Dall'antica Roma ai giorni nostri: il politico rompe con l'ideologo

All'inizio tutto ok, poi il sogno si realizza e cominciano le liti

Dall'antica Roma ai giorni nostri:  il politico rompe con l'ideologo

Il brutto arriva quando vinci. È lì che tanti si perdono e comincia la nostalgia. Se è vero quello che raccontano Nicola Biondo e Marco Canestrari in Supernova, libro sul retrobottega dei Cinque Stelle, qualcosa del genere deve essere capitata anche a Beppe e Gianroberto. Non ci si riconosce più, si litiga, partono i vaffa, poi uno dei due muore e all'altro restano i sensi di colpa e i ricordi. L'euforia dei primi passi, la sfida, la scommessa, quando si è pochi e tutto è un'avventura. Non ci sono organigrammi, riunioni improvvisate, poche carte e tanti sogni, uno filosofeggia, l'altro incanta, uno butta giù lo spartito, l'altro si lancia sul fronte del palco. È così che cominciano le rivoluzioni culturali e politiche, poi gli dei per punirti realizzano i tuoi sogni e allora i giorni si fanno grigi, tutti uguali. Capita anche in amore. Grillo e Casaleggio senza dubbio si sono voluti bene. Beppe ha pianto la morte dell'amico. Ma forse è vero, lo sussurrano in tanti, negli ultimi tempi non era più come prima.
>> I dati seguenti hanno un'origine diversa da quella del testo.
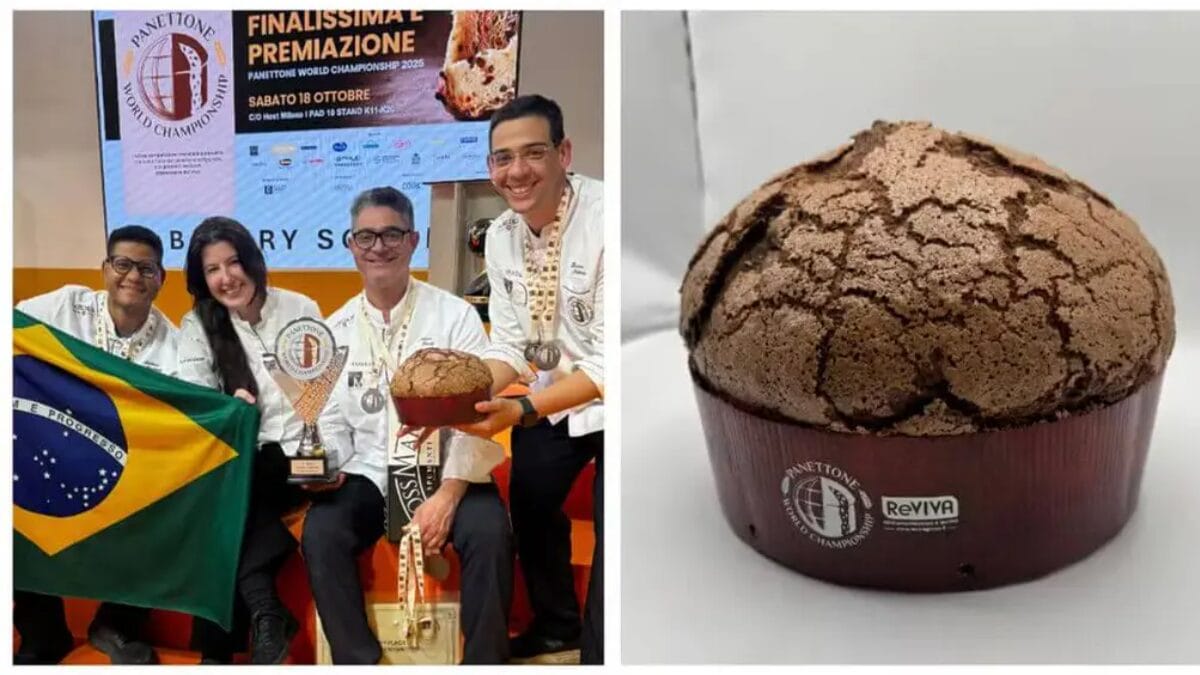 — O produto tem uma massa macia e leve, com aroma intenso e levemente terroso, marcado pela nobreza do cacau. Nosso panettone de chocolate foi um tributo à elegância da tradição italiana em diálogo com a ousadia da confeitaria contemporânea— explicou Brunno Malheiros, capitão da equipe e dono da confeitaria Cheiro do Pão, de Fortaleza (CE).
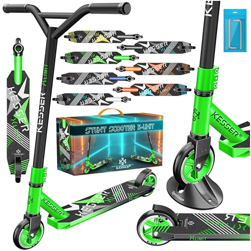 KESSER® Stunt Scooter X-Limit – 360° kontroll, robust, rolig scooter, stuntsparkcykel med ABEC 9 kullager, 100 mm PU-hjul, sparkcykel, stadsskoter, trick-scooter för barn, vuxna, grön/svart

È quel vuoto che si crea a un certo punto tra l'ideologo e il leader, uno spazio bianco tra il regista e l'attore, un vuoto che rompe l'equilibrio. Forse solo Fellini e Mastroianni sono riusciti a camminare sul filo, ma in politica è molto più difficile. Ne sa qualcosa Umberto Bossi, che ha strappato in fretta l'ombra del professore padano maestro di federalismo. Il Senatùr mette piede al governo con il lasciapassare di Berlusconi. Gianfranco Miglio non lo segue, anzi si indigna. «Le riforme? Un programma demenziale». «È un vecchio fuori di testa che fa un putiferio perché non gli han dato la poltrona». «Bossi è un incolto, buffone, arrogante, isterico, arabo levantino mentitore, lo schiaccerò come una sogliola. Se mi si ripresenta lo caccio a pedate nel sedere». «Ideologo? No panchinaro». Va avanti così per una stagione. Botta e risposta. Si finisce con un peto nello spazio.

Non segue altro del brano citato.